**PROVIDED ENTRIES:**
Content starts

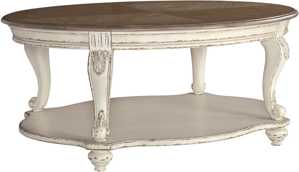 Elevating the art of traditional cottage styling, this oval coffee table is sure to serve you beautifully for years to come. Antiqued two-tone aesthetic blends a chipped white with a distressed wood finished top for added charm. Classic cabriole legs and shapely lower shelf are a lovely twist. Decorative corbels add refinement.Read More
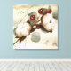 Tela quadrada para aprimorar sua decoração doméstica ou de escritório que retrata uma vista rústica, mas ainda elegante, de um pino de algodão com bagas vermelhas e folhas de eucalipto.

Content ends
Content starts

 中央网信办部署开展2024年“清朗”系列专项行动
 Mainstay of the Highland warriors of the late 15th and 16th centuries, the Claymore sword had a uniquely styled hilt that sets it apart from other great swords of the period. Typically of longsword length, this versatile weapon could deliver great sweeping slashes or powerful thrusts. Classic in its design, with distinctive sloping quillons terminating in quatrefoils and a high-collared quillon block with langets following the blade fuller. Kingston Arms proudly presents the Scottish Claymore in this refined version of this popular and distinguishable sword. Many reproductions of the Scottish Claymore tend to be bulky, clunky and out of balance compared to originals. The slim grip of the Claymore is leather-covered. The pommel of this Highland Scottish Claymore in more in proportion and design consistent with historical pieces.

Content ends

**TASK TO CARRY OUT:**
The reply should hold the entries above from the line with "Elevating the art" to the line with "Tela quadrada para", duplicated exactly, pictures excluded.

**RESPONSE TO THE TASK:**
 Elevating the art of traditional cottage styling, this oval coffee table is sure to serve you beautifully for years to come. Antiqued two-tone aesthetic blends a chipped white with a distressed wood finished top for added charm. Classic cabriole legs and shapely lower shelf are a lovely twist. Decorative corbels add refinement.Read More
 Tela quadrada para aprimorar sua decoração doméstica ou de escritório que retrata uma vista rústica, mas ainda elegante, de um pino de algodão com bagas vermelhas e folhas de eucalipto.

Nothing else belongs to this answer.